BEGIN Given material
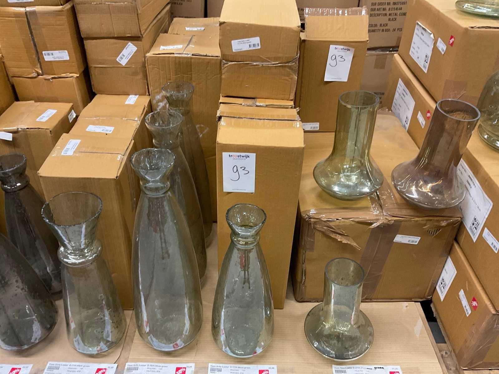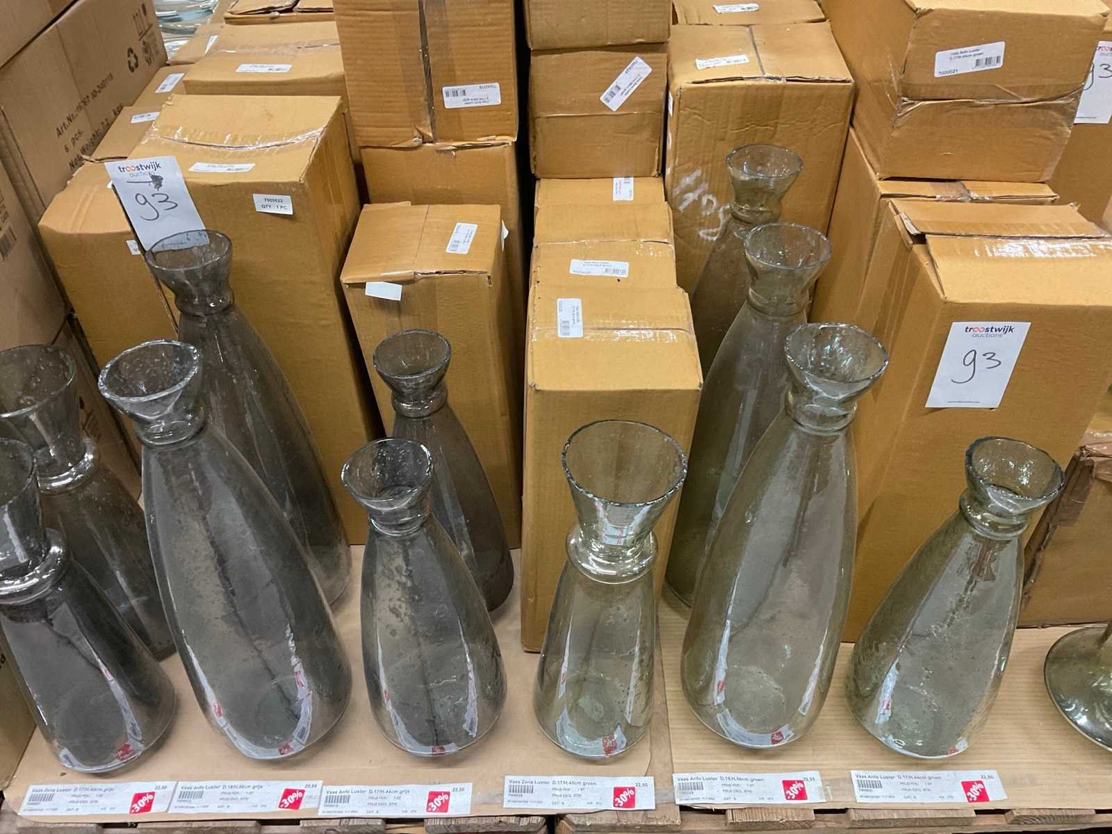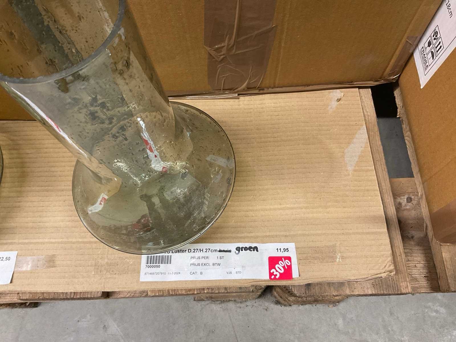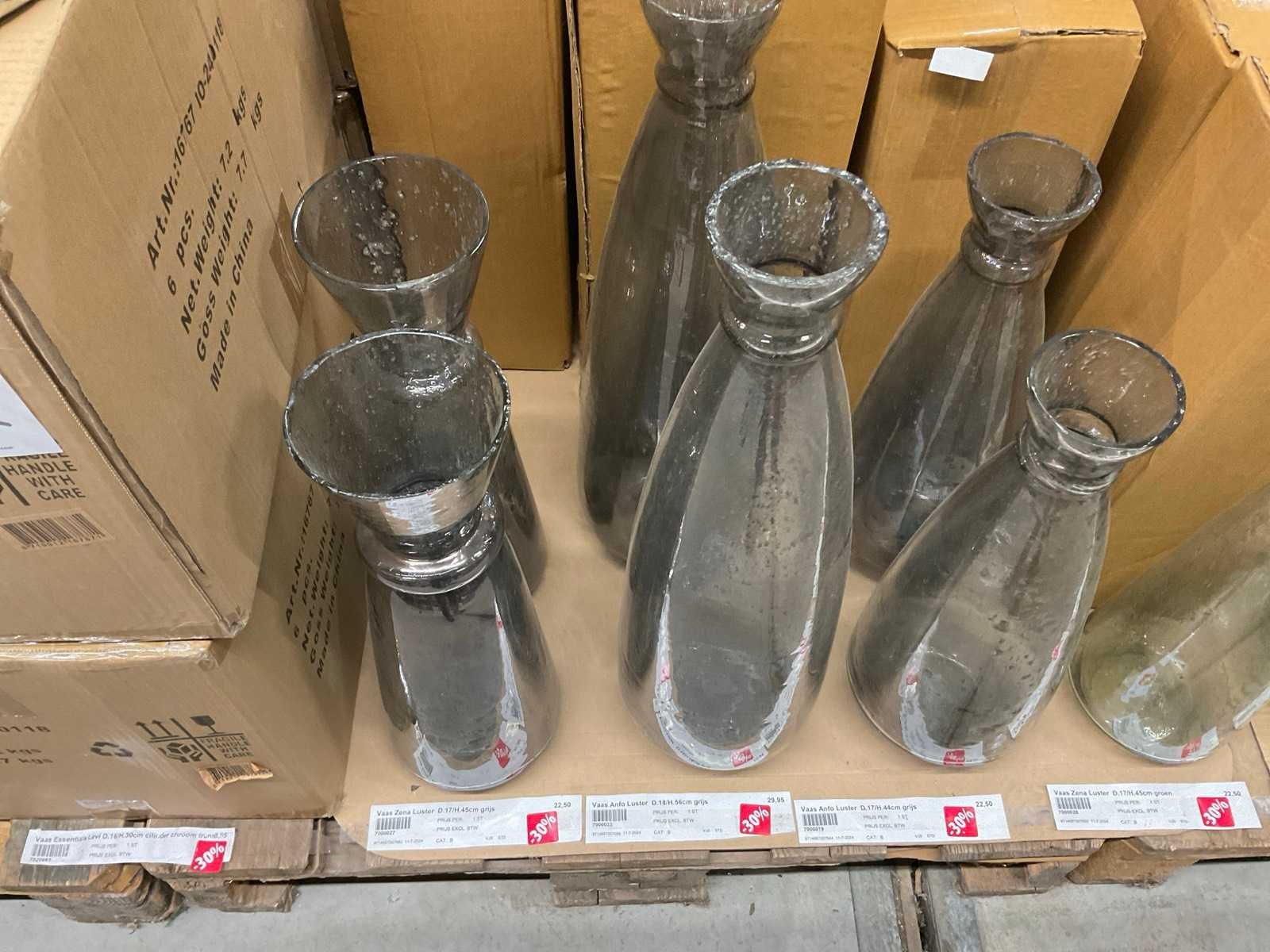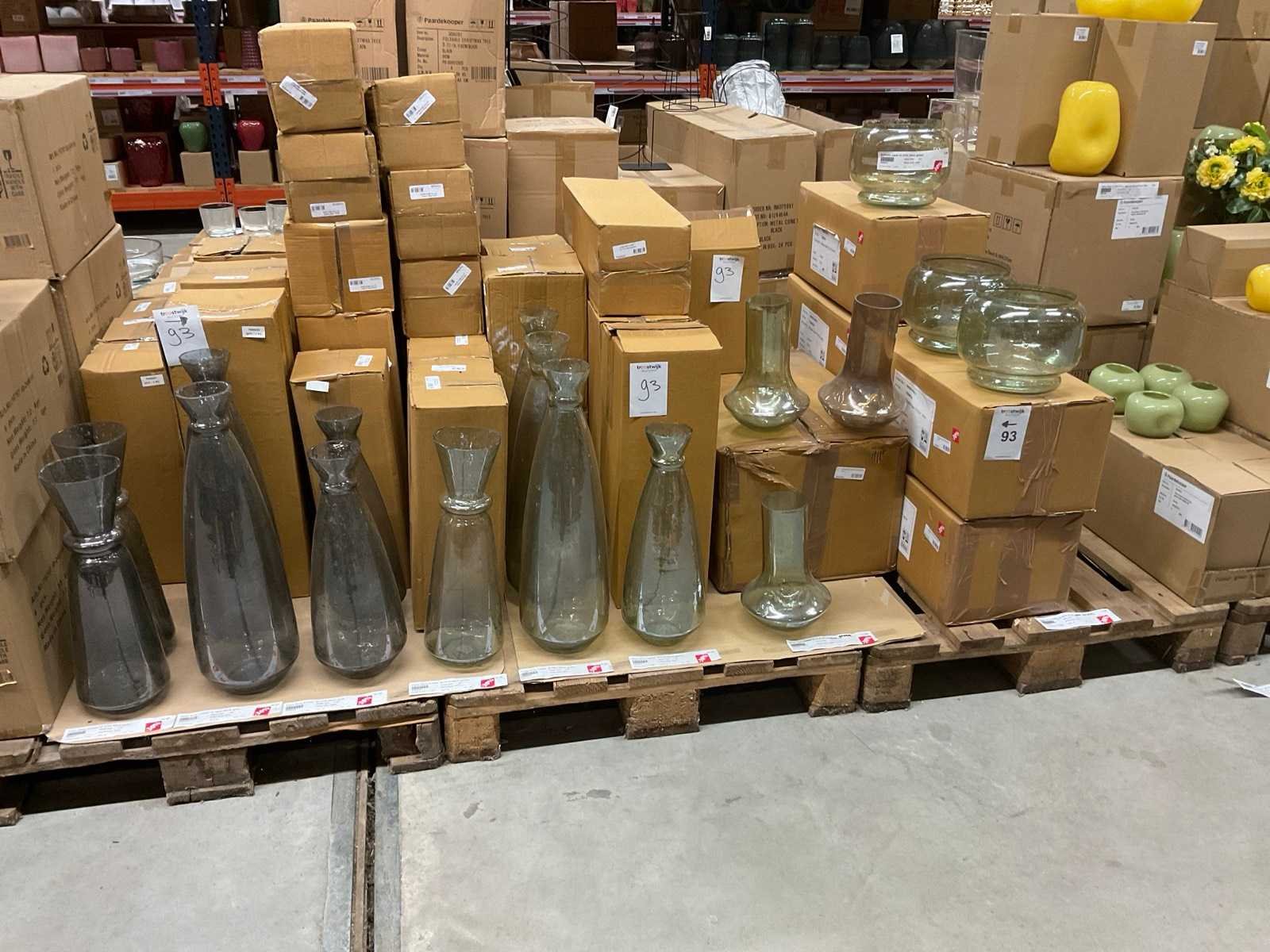 Van glas in diverse vormen en kleuren, modellen: Giro, Anfo en Zena op 2 pallets, inclusief pallets.
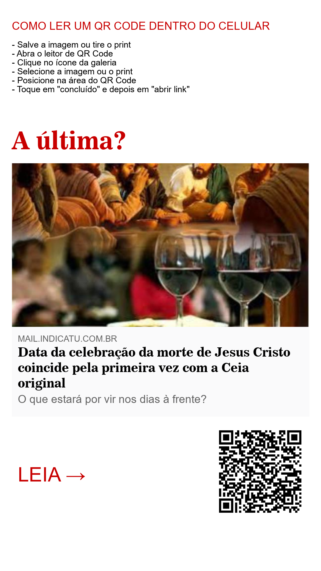 Será essa a última? Talvez sim, talvez não, não sabemos. Iremos continuar a celebrar a morte de Jesus até que ele chegue. Sabemos que o fim está muito próximo, mas não há como prever uma data para isso. Jesus disse que ninguém saberia a data do fim. Milhões de cristãos do mundo inteiro que estarão presentes ao evento mais importante para a humanidade pensa assim.
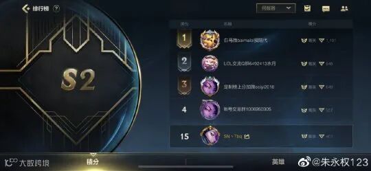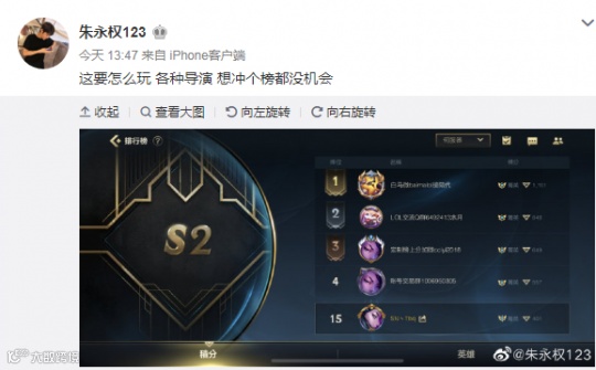 然而时过境迁,LOL手游积分榜上的排名已经不是光靠个人的实力和操作就行的了。国人最多的台服高分段如今已是导演组的天下,排名前十的账号基本都是导演组的人。即使是TBQ这样的职业选手,依靠自己的实力打到第十五名也已动弹不得。
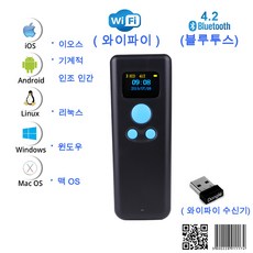 여요 블루투스 2D 1D 바코드 스캐너 휴대용 무선 미니 바코드 리더기 2.4G 무선/블루투스/USB 유선 연결 QR 코드 스캐너 패드 안드로이드 태블릿 PC와 호환, YH1702, 1개, 01 yh1702
END Given material
What you give back should be the full material above, retyped exactly, with every image removed.

 Van glas in diverse vormen en kleuren, modellen: Giro, Anfo en Zena op 2 pallets, inclusief pallets.
 Será essa a última? Talvez sim, talvez não, não sabemos. Iremos continuar a celebrar a morte de Jesus até que ele chegue. Sabemos que o fim está muito próximo, mas não há como prever uma data para isso. Jesus disse que ninguém saberia a data do fim. Milhões de cristãos do mundo inteiro que estarão presentes ao evento mais importante para a humanidade pensa assim.
 然而时过境迁,LOL手游积分榜上的排名已经不是光靠个人的实力和操作就行的了。国人最多的台服高分段如今已是导演组的天下,排名前十的账号基本都是导演组的人。即使是TBQ这样的职业选手,依靠自己的实力打到第十五名也已动弹不得。
 여요 블루투스 2D 1D 바코드 스캐너 휴대용 무선 미니 바코드 리더기 2.4G 무선/블루투스/USB 유선 연결 QR 코드 스캐너 패드 안드로이드 태블릿 PC와 호환, YH1702, 1개, 01 yh1702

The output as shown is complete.